Catalytic converters clean up
Lemon juice chemical refreshes car exhaust.
The age-old household tip that lemon juice makes for a great cleaning agent has found new use in the garage.
Researchers have found that a simple wash of citric acid can spruce up exhausted catalytic converters in diesel-powered cars, renewing their pollution-busting properties.
In diesel engines, catalytic converters contain a honeycomb of platinum that cleans up exhaust gases by turning poisonous carbon monoxide and unburned hydrocarbons into more benign carbon dioxide. This breaks down molecules that could contribute to smog.
But sulphur in the fuel and phosphorus from anti-wear oil additives can gum up a converter and prevent it from working. Researchers have tried various methods to clean them out in the past, mostly involving strong acids. But while these often do a good job of wiping away the gunk, they also tend to eat away at the valuable platinum.
Now scientists from the Institute of Catalysis and Petrochemistry in Madrid, Spain, have found that a dilute solution of citric acid can wash out the catalyst killers without damaging the platinum. When tested on a simulated stream of exhaust gases, the cleaned-up catalysts were as good as new, the team reports online in Environmental Science and Technology1.
The citric acid - which was produced industrially rather than by squeezing lemons - removed up to 82% of the phosphorus and about 90% of the sulphur from a catalyst that had been used for 48,000 kilometres of driving in a diesel-fuelled car. The wash cycle took six hours at 80 °C.
"Removing sulphur and phosphorus in this way is a very positive step," says Richard Stobart, an automotive engineer at the University of Sussex in Brighton, UK.
The average vehicle runs for roughly 240,000 kilometres, and catalytic converters are supposed to last this course. But some researchers have claimed that up to 90% of catalysts fail before they reach 80,000 kilometres, says Stobart. Regenerating them periodically could help to reduce emission pollution, he adds.

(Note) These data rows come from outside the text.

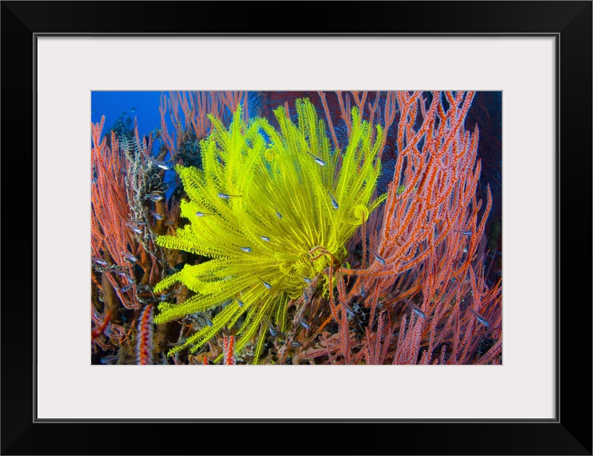 <p>A yellow crinoid feather star against red fan coral, Papua New Guinea.</p>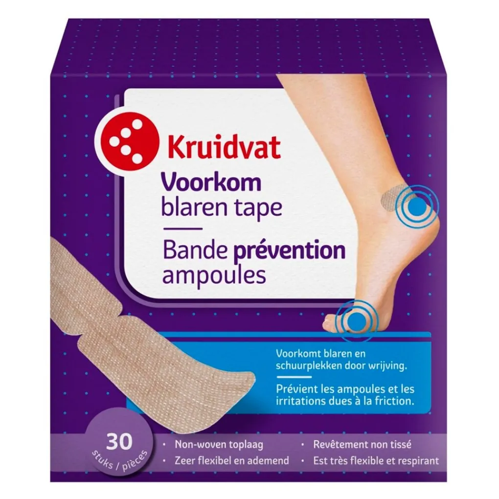 Met de Kruidvat Voorkom Blaren Tape voorkom je schuurplekken en blaren door wrijving.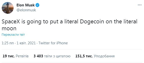 Після твіту Маска, який, ймовірно, є першоквітневим жартом, Dogecoin почав рости в ціні. Вартість криптовалюти зросла на майже 19% до позначки $0,063.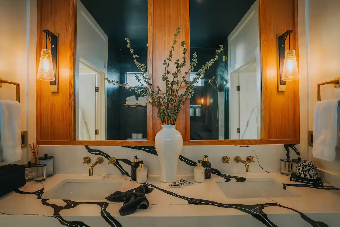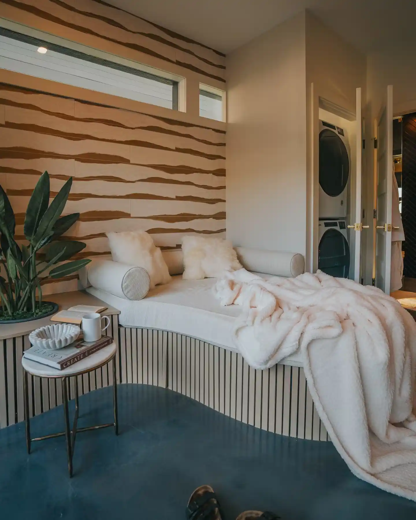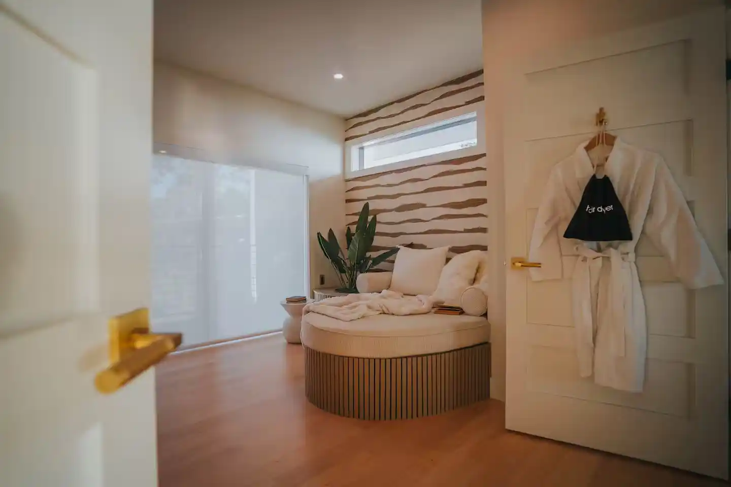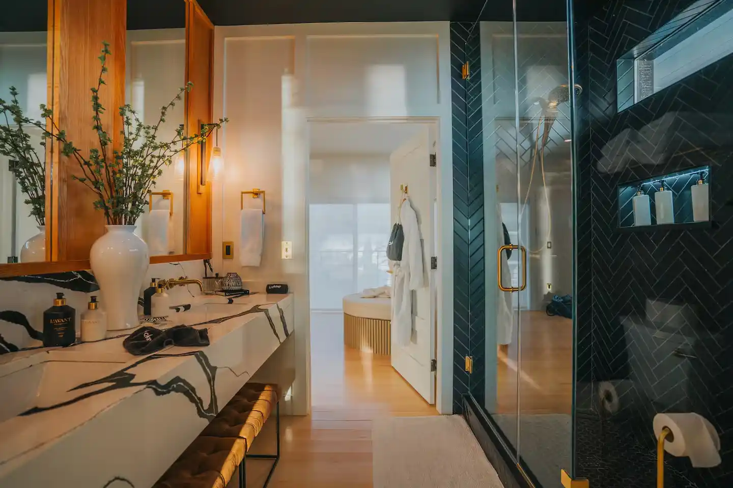 This home features a full bathroom with a high-end spa lounge, guaranteeing unparalleled comfort and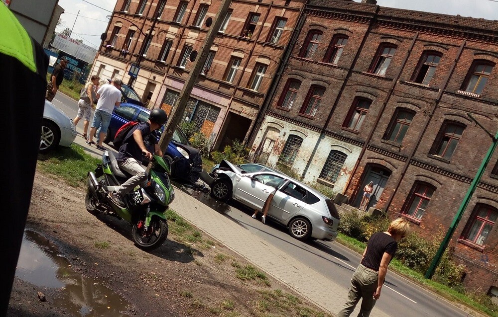 Do zdarzenia doszło po godzinie 11 na ulicy Śląskiej. Kobieta kierująca samochodem marki mazda jechała w kierunku Rudy Śląskiej. Kobieta jechała z nadmierną prędkością i aby uniknąć zderzenia z jadącym przed nią motorowerzystą, zjechała na przeciwległy pas ruchu, po czym zderzyła się czołowo z kierowcą nissana. W wyniku uderzenia nissan uszkodził jeszcze samochód marki volvo. Na szczęście nikt nie ucierpiał w tym zdarzeniu.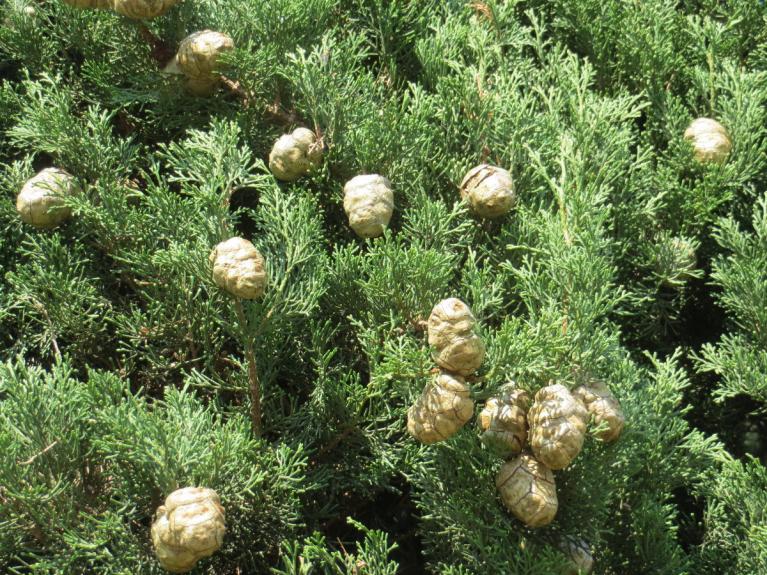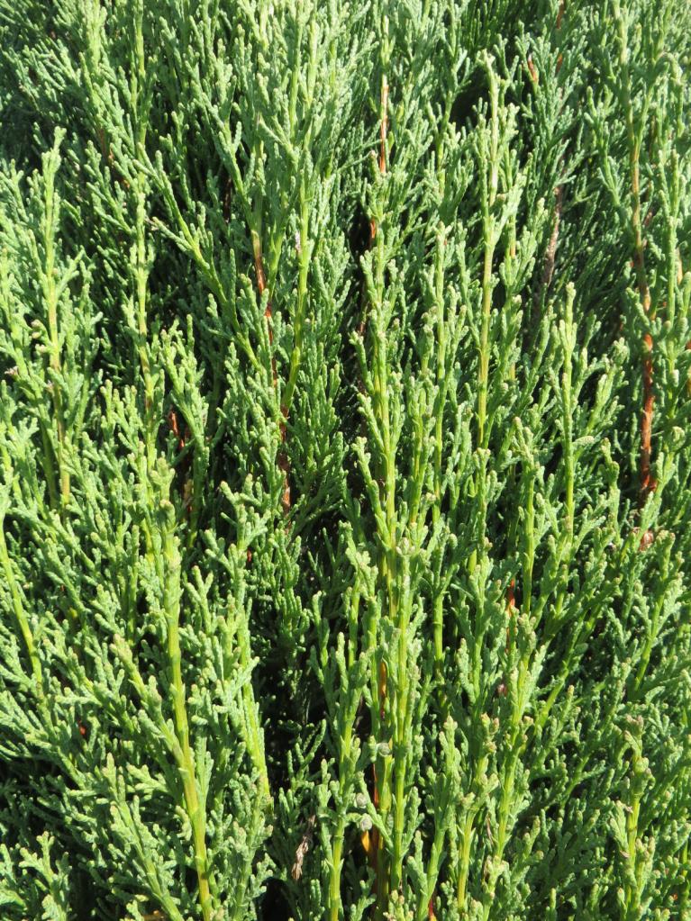 La sagoma eretta e compatta, snella e affusolata, le foglie millimetriche, embricate, fittamente addossate ai rametti, l’aroma resinoso e balsamico lo distinguono all’occhio e al naso. Oltre alla varietà pyramidalis o stricta dal portamento colonnare, è diffusa anche la horizontalis dalla chioma irregolare ed espansa usata spesso per le barriere frangivento, specie in terra d’oltralpe: tutti abbiamo in mente le lingue dei cipressi di Van Gogh che s’innalzano fino alle infuocate volute del cielo notturno o scherzano con le nuvole atlantiche sui campi estivi di Francia.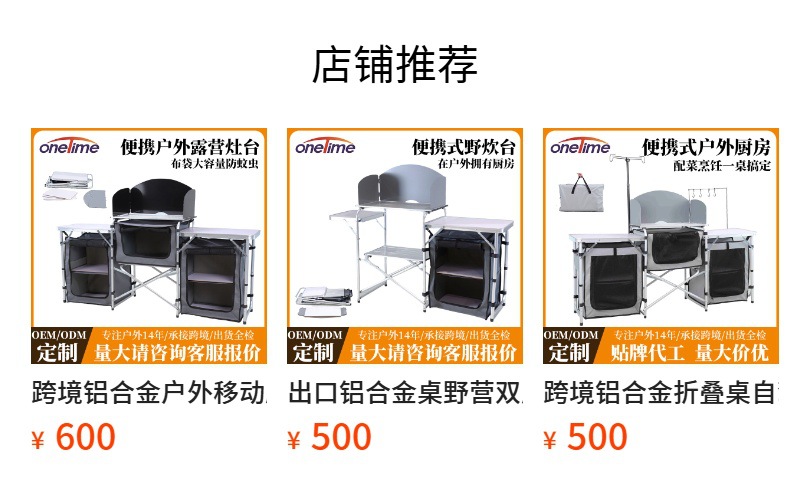 야외 모바일 주방 모바일 주방 캠핑 피크닉 테이블 조합 국경 알루미늄 합금 캠핑 접이식 테이블스토어 가기

Cars built in the United States already have on-board emissions monitoring, which should alert the driver when the catalyst starts to fail. Similar guidelines are expected to come into force in Europe within the next few years, says Stobart.
At present, many used catalytic converters are recycled to extract the expensive platinum metal, Stobart notes. But this energy-intensive process wastes the rest of the converter. Reactivation would be much more environmentally friendly, he says.

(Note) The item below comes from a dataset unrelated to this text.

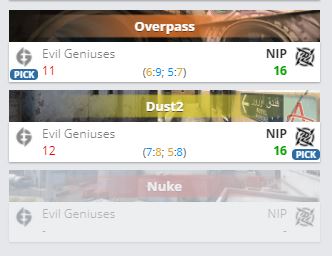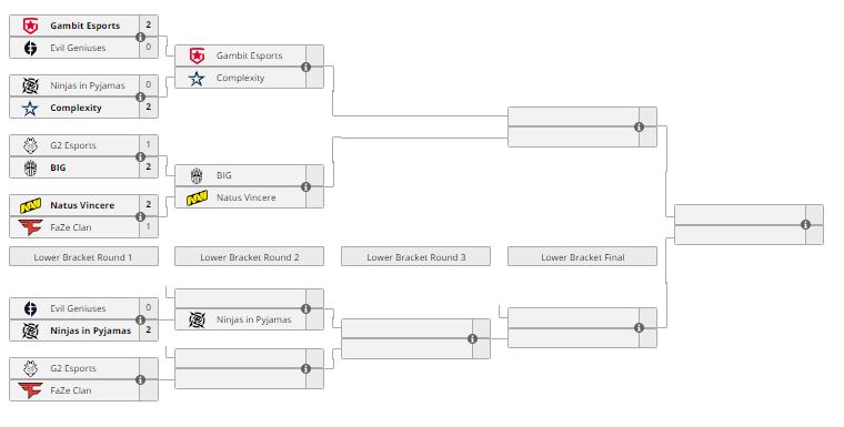 В матче первого раунда нижней сетки команда Ninjas in Pyjamas сразилась с коллективом Evil Geniuses и победила со счетом 2:0.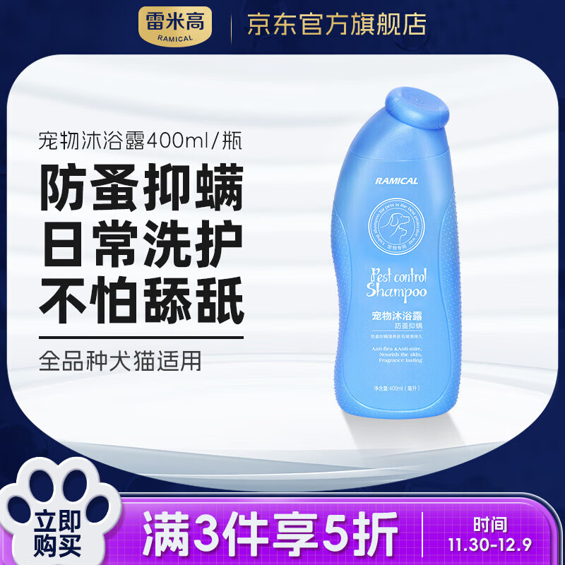 雷米高(RAMICAL)狗狗沐浴露比熊泰迪猫咪专用香波浴液用品宠物洗澡除臭止痒 洁毛滋润400ml

But it may be more expensive. Stobart says that the only people who would find it economically feasible to clean their converters would probably be those with fleets of diesel trucks that can each cover 2 million kilometres in their lifetime. With more stringent emissions monitoring on the horizon, it would make good sense for these engines to get a regular spring clean. "These are big, valuable devices, and replacing them can cost as much as replacing an engine," says Stobart.
- Galisteo F. C., et al. Environ. Sci. Technol., published online, doi:10.1021/es040062f (2005).